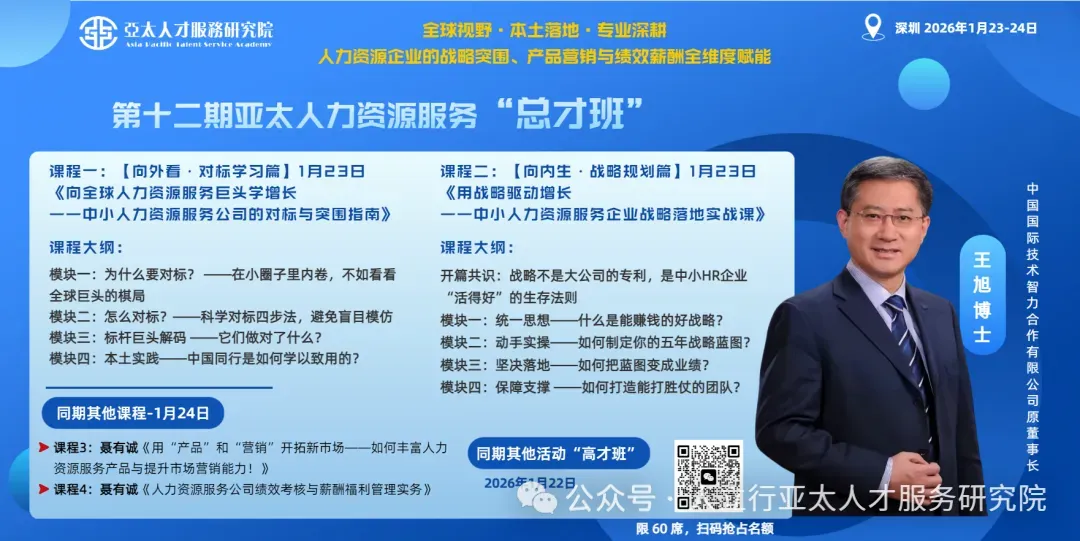 人力资源服务公司如何在对标中找出成功企业的独到之处?从而查找自身的不足。在不确定的时代中如何做战略规划?如何建立和健全绩效考核与薪酬福利体系?
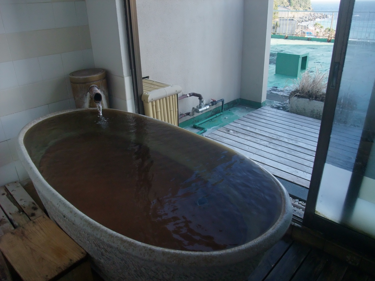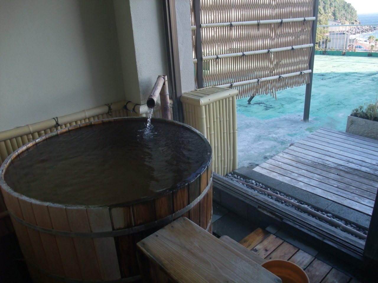 屋上展望風呂は、予約なしでの貸切で、熱川の海が一望でき、海を隔てて伊豆大島も見られます。
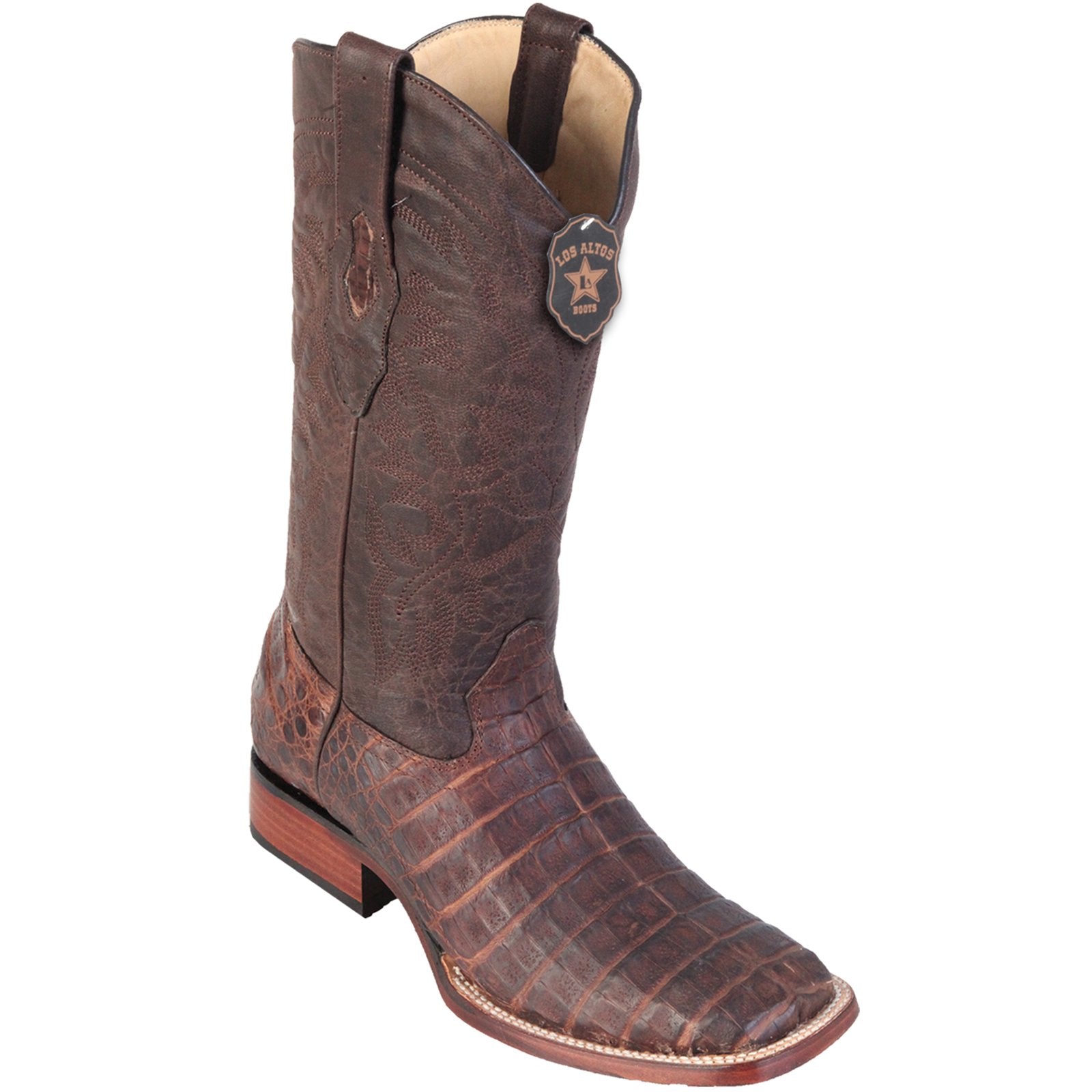 Los Altos Caiman Belly Wide Square Toe Cowboy Boots - Brown Grease Finish
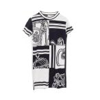 未使用品◎HERMES エルメス 23SS 3E4507DH コットン100% 半袖 Tシャツワンピース ホワイト マルチ 34 フランス製 正規品 レディース
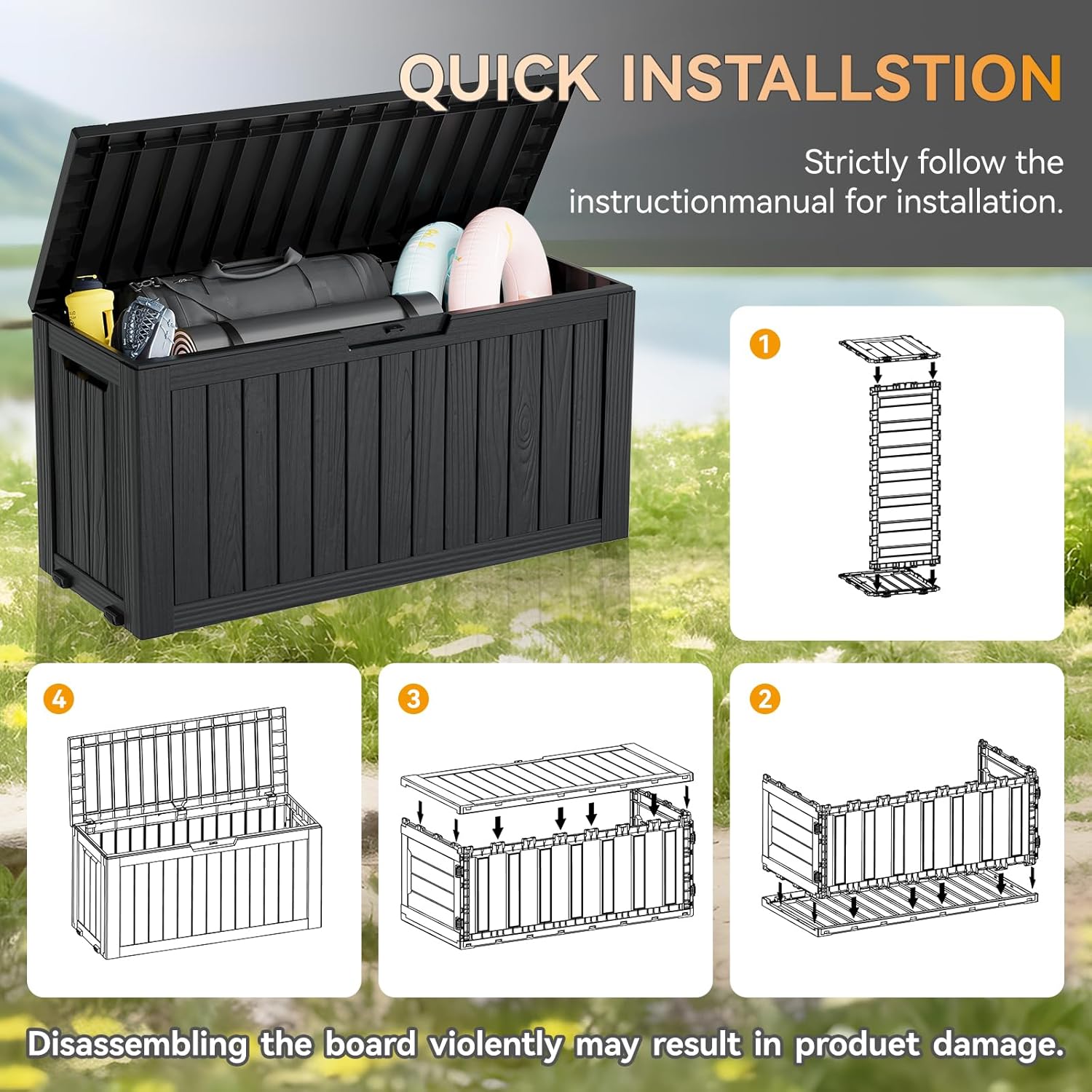 • Deck Boxes Outdoor Waterproof: Designed as a waterproof storage solution, this deck box protects your belongings from moisture and ensures they stay dry even during heavy rain. The lockable lid adds an extra layer of security, keeping your valuables safe from theft or damage.
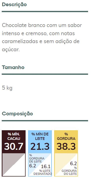 INGREDIENTES: manteiga de cacau, leite em pó integral, edulcorante: maltitol (trigo), emulsificante: lecitina (soja), aroma natural de baunilha. CONTÉM GLÚTEN. Alérgicos: Contém derivados de soja e derivados de trigo. Pode conter leite, contém lactose. Chocolate Belga Malchoc branco da Callebaut é um delicioso chocolate branco com teor de cacau em 30,6% e sem adição de açúcares que irá levar seus preparos, principalmente com restrições, para outro nível, esse chocolate fará toda a diferença em suas receitas. Ideal para a produção de doces finos e gourmets como ovos de páscoa, brigadeiros, bombons, trufas, bolos, ganaches, sobremesas, coberturas, blindagens e muito mais.
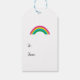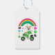 En söt hund på en motorcykel omgiven av en färgstark regnbåge och stjärnor med skräddarsydd/personlig text på baksidan. Design för barn.
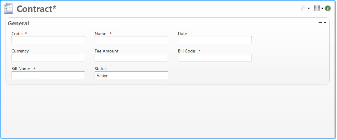 | Currency | Enter the currency of the contract. This field is required when a value is entered in the Fee Amount. | |
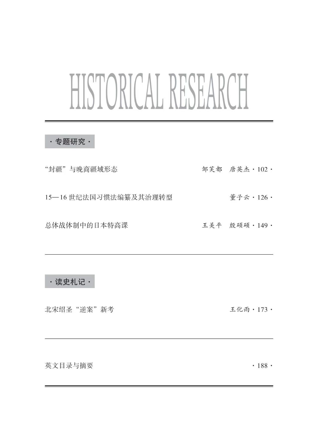 该文是在中国历史研究院与河北师范大学共同主办的第四届全国史学高层论坛暨第十六届历史学前沿论坛参会论文的基础上进一步修改完善而成,全文共24000余字。文章在全面把握相关研究动态与前沿的基础上,从“‘丰’、 ‘丰方’与商人的封疆观”、“‘封’、 ‘封方’所含殷商疆域信息”、“由‘南封’管窥殷商王畿的封疆”、“商人的疆域观与晚商的疆域形态”四个方面对“封疆”与晚商疆域形态作考察与研究。文章认为:晚商时期“封疆”观念成熟,相对稳定的统治疆域已经形成。通过解读甲骨卜辞中“封”、“封方”蕴含的殷商疆域信息,结合传世文献及殷商考古证据,可证商代晚期作为王朝核心统治疆域的“王畿”确实存在;在商人的疆域观中,“王畿”边缘有相对明确的“封疆”。殷商时期国家形态的发展促进“广域”国家疆域的成形;商王对“王畿”与“四土”采取的不同统治模式,折射出殷商王朝“核心—边缘”两层分化的疆域形态。
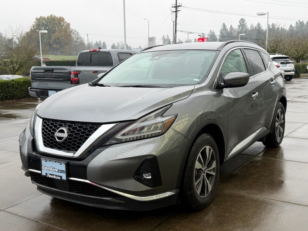 2023 Nissan Murano SV Gun Metallic 3.5L V6 DOHC 24V 20/28 City/Highway MPG CVT with Xtronic, AWD, 4-Wheel Disc Brakes, 4.667 Axle Ratio, 6 Speakers, ABS brakes, Air Conditioning, Alloy wheels, AM/FM radio: SiriusXM, AM/FM/CD/MP3/WMA Audio System, Auto High-beam Headlights, Auto-dimming Rear-View mirror, Automatic temperature control, Blind Spot Warning, Brake assist, Bumpers: body-color, Carpeted Floor Mats & Carpeted Cargo Mat, CD player, Child-Seat-Sensing Airbag, Delay-off headlights, Driver door bin, Driver vanity mirror, Dual front impact airbags, Dual front side impact airbags, Electronic Stability Control, Four wheel independent suspension, Front anti-roll bar, Front Bucket Seats, Front Center Armrest, Front dual zone A/C, Front fog lights, Front reading lights, Fully automatic headlights, Heated door mirrors, Heated Front Bucket Seats, Heated front seats, Illuminated entry, Knee airbag, Leatherette-Appointed Seat Trim, Low tire pressure warning, NissanConnect featuring Apple CarPlay and Android Auto, Occupant sensing airbag, Outside temperature display, Overhead airbag, Overhead console, Panic alarm, Passenger door bin, Passenger vanity mirror, Power door mirrors, Power driver seat, Power passenger seat, Power steering, Power windows, Radio data system, Rear anti-roll bar, Rear reading lights, Rear seat center armrest, Rear side impact airbag, Rear window defroster, Rear window wiper, Remote keyless entry, Security system, Speed control, Speed-sensing steering, Speed-Sensitive Wipers, Split folding rear seat, Spoiler, Steering wheel mounted audio controls, Tachometer, Telescoping steering wheel, Tilt steering wheel, Traction control, Trip computer, Turn signal indicator mirrors, Variably intermittent wipers, Wheels: 18" Machined Aluminum-Alloy, CVT with Xtronic, AWD. CARFAX One-Owner. Clean CARFAX. Odometer is 4139 miles below market average! Our Best Price Up Front, No Games or Gimmicks. Our advertised price is for a retail type purchase and may not be available for Fleet or Commercial use type purchase; please call us to confirm.
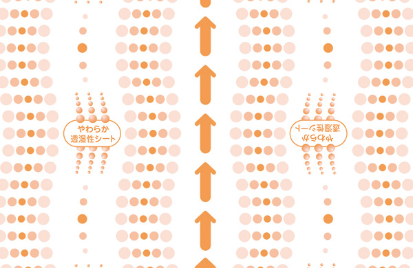 透湿性シートが湿気を放出、ムレやカブレを解消
○ ○ ○ ○ ○
Exercise
Here the job is to copy the listing above word for word, starting at the line with "未使用品◎HERMES エルメス 23SS" and ending at the line with "theft or damage.", and to leave out the pictures.

Response below
 未使用品◎HERMES エルメス 23SS 3E4507DH コットン100% 半袖 Tシャツワンピース ホワイト マルチ 34 フランス製 正規品 レディース
 • Deck Boxes Outdoor Waterproof: Designed as a waterproof storage solution, this deck box protects your belongings from moisture and ensures they stay dry even during heavy rain. The lockable lid adds an extra layer of security, keeping your valuables safe from theft or damage.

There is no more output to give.